The perf-changelog entry added at lines 964-970 contains three placeholder values that are clearly not production-ready:

  1. pr-link: pull/XXX — This is a placeholder URL. Every changelog entry needs a working link to its PR. The correct value should be pull/917.
  2. description: "test" — Every other entry in perf-changelog.yaml has a meaningful description of what changed. This should describe the actual change: adding --speculative-num-draft-tokens 3 to MTP flags for DeepSeek models in the AMD multi-node disagg config.
  3. config-keys — Lists only dsr1-fp4-mi355x-sglang-disagg-mtp and dsr1-fp8-mi355x-sglang-disagg-mtp.
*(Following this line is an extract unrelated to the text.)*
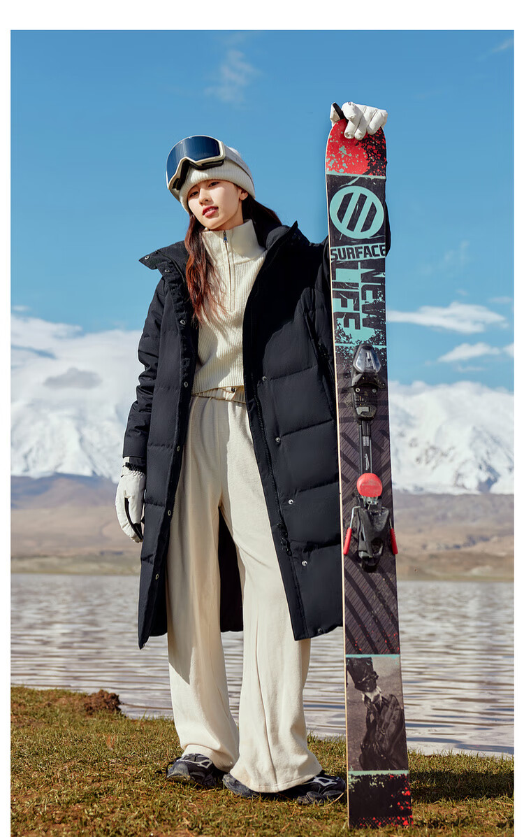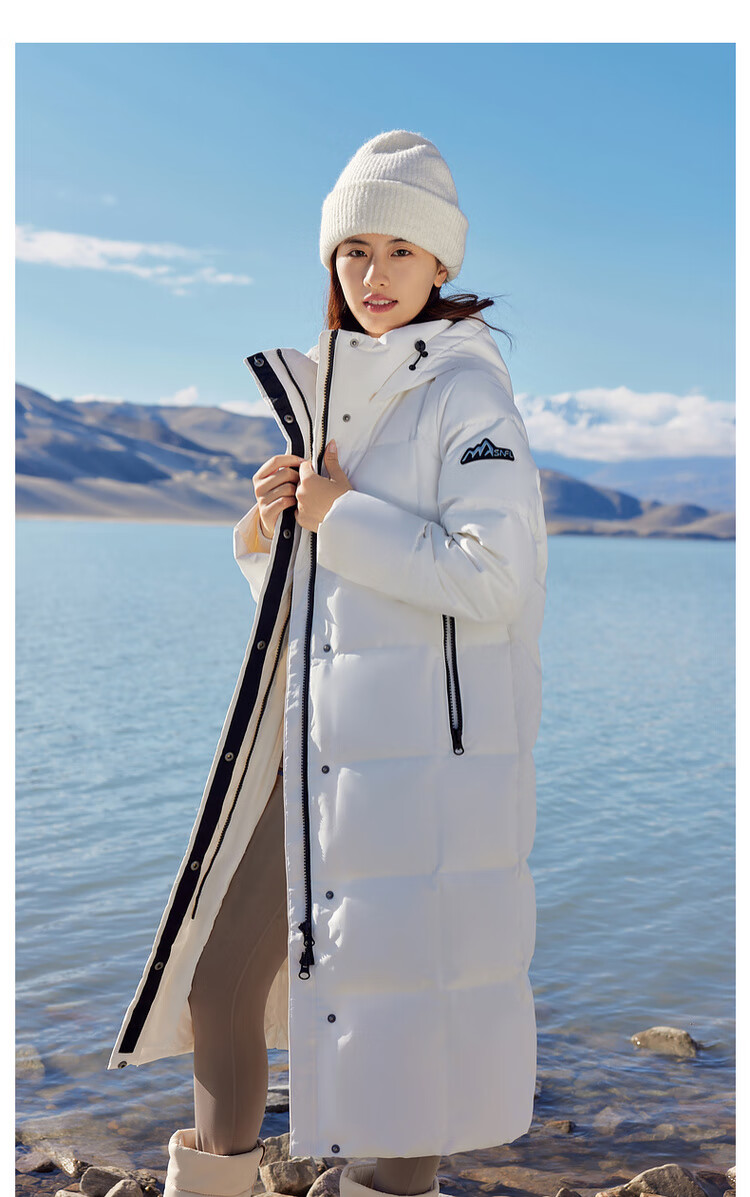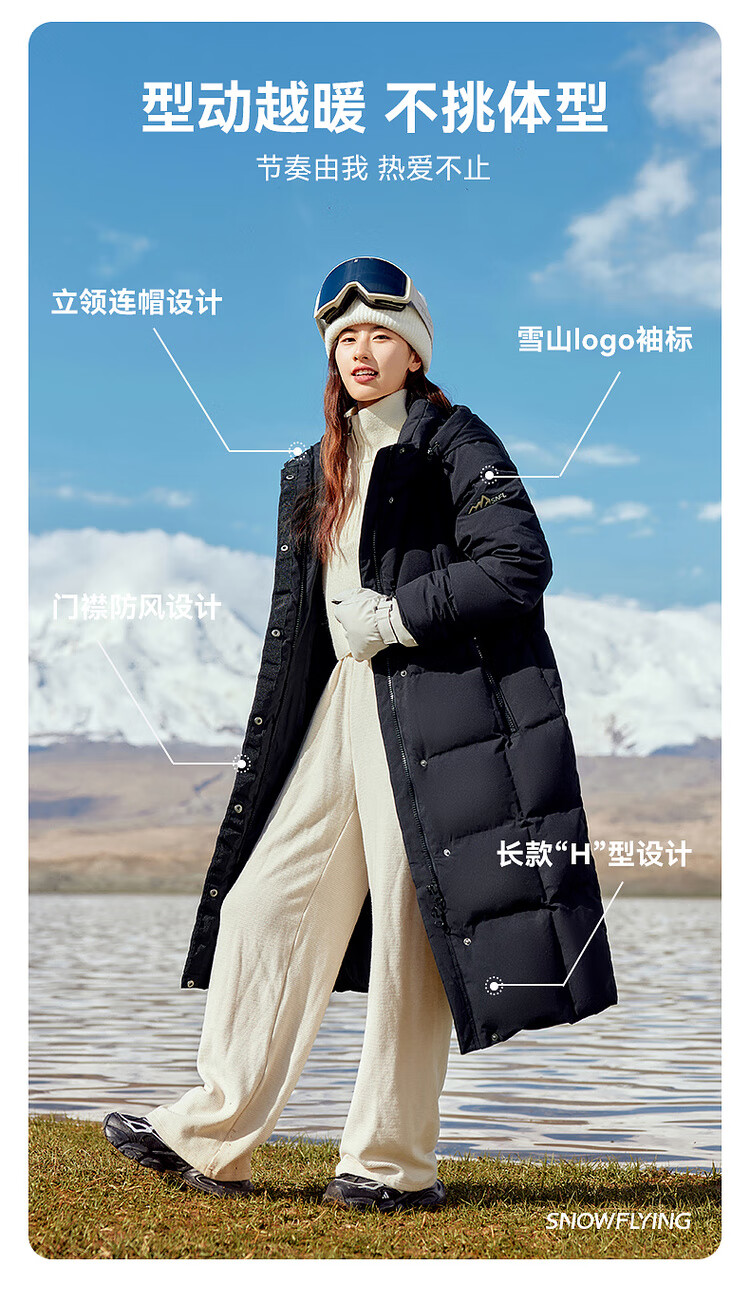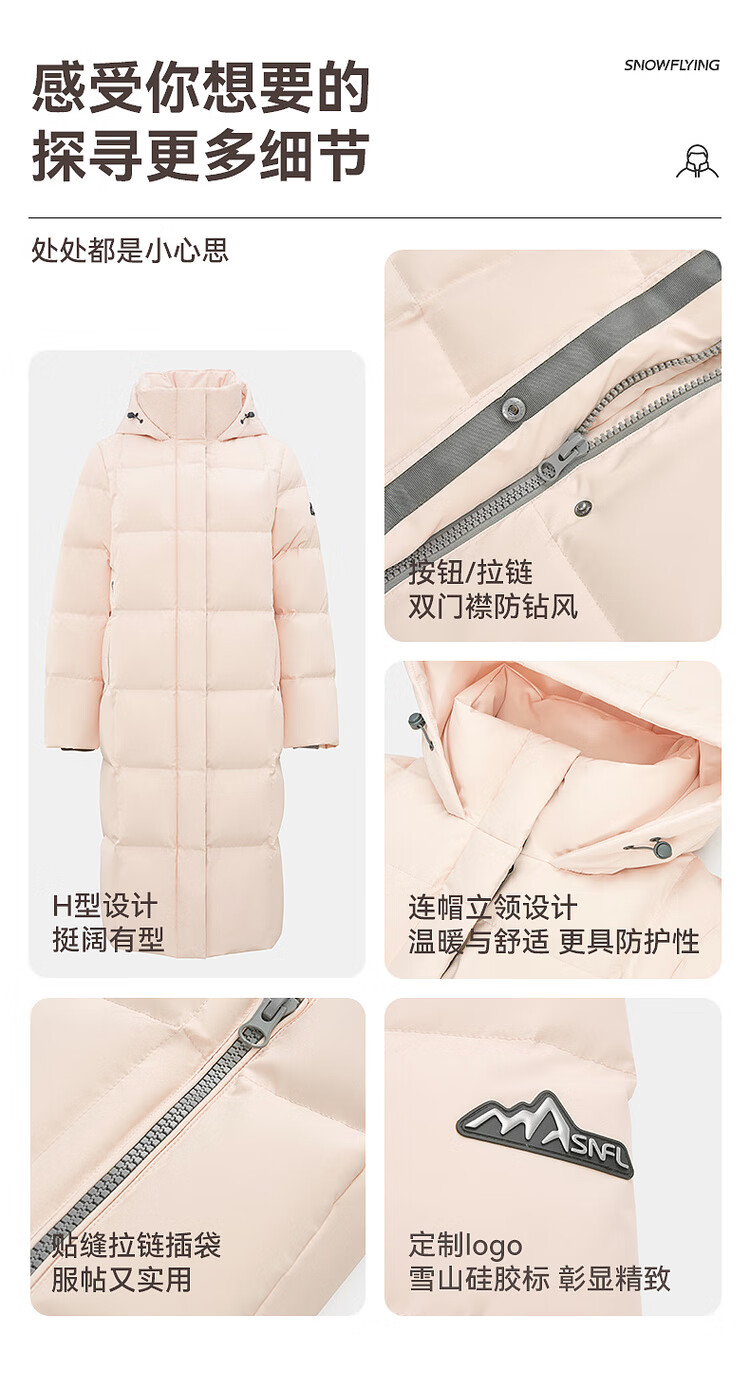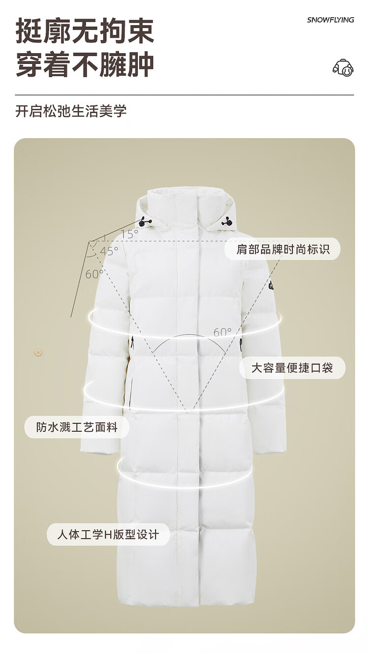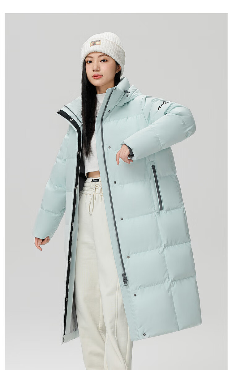Flying in the snow goose down autumn and winter new fashion versatile large pocket large long hooded women's down jacket for women

The models.yaml diff modifies mtp_flags for all 6 DeepSeek model entries (V3, V3-0324, R1, R1-0528, R1-0528-MXFP4-Preview, R1-0528-MXFP4).
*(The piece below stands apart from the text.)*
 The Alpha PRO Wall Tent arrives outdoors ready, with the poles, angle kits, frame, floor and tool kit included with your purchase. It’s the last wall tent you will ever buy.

Config-keys scope analysis

One counterargument is that mtp_flags are only applied when DECODE_MTP_SIZE > 0 (i.e., only MTP-enabled benchmark configs consume them), so non-MTP disagg configs are unaffected. This is a valid point — the two listed config-keys may indeed be the only currently existing benchmark configurations that use these flags. If no other disagg-mtp benchmark configs exist for DeepSeek V3/V3-0324, then the config-keys list could be correct. The author should verify whether any other MTP-enabled benchmarks reference these model entries.

Step-by-step proof

  1. Open perf-changelog.yaml and look at line 970: pr-link: https://github.com/SemiAnalysisAI/InferenceX/pull/XXX.
  2. This is PR test #917, so the link should end in /pull/917.
  3. Look at line 968: description: - "test". Compare with any other entry, e.g., the entry for PR H200 MINIMAX vLLM extend configs  #869 which reads "Extend MiniMax M2.5 FP8 single-node config for H200 with vLLM v0.16.0 (TP8)". The description "test" provides zero information.
  4. The models.yaml diff shows --speculative-num-draft-tokens 3 added to all 6 DeepSeek model mtp_flags entries, but the changelog only references 2 disagg-mtp config-keys.

Impact

If merged as-is, the changelog would contain a broken PR link (pull/XXX leads to a 404), a meaningless description ("test"), and potentially incomplete config-key coverage. Anyone reviewing the performance changelog would not understand what changed or be able to trace it back to the PR.

How to fix

  • Change pr-link to https://github.com/SemiAnalysisAI/InferenceX/pull/917.
  • Replace the description with something like: "Add --speculative-num-draft-tokens 3 to MTP flags for all DeepSeek models in AMD multi-node disagg config".
  • Verify config-keys: confirm whether the two listed disagg-mtp configs are the only MTP-enabled benchmarks consuming these flags, and add any missing ones.

Note: there are 5 pre-existing pull/XXX entries in the file (e.g., H200 SGLang v0.5.9 entry, GLM-5, Qwen3.5 entries), so this is an established pattern for WIP entries. The PR title being "test" suggests this may be a draft, but these placeholders should be resolved before merge.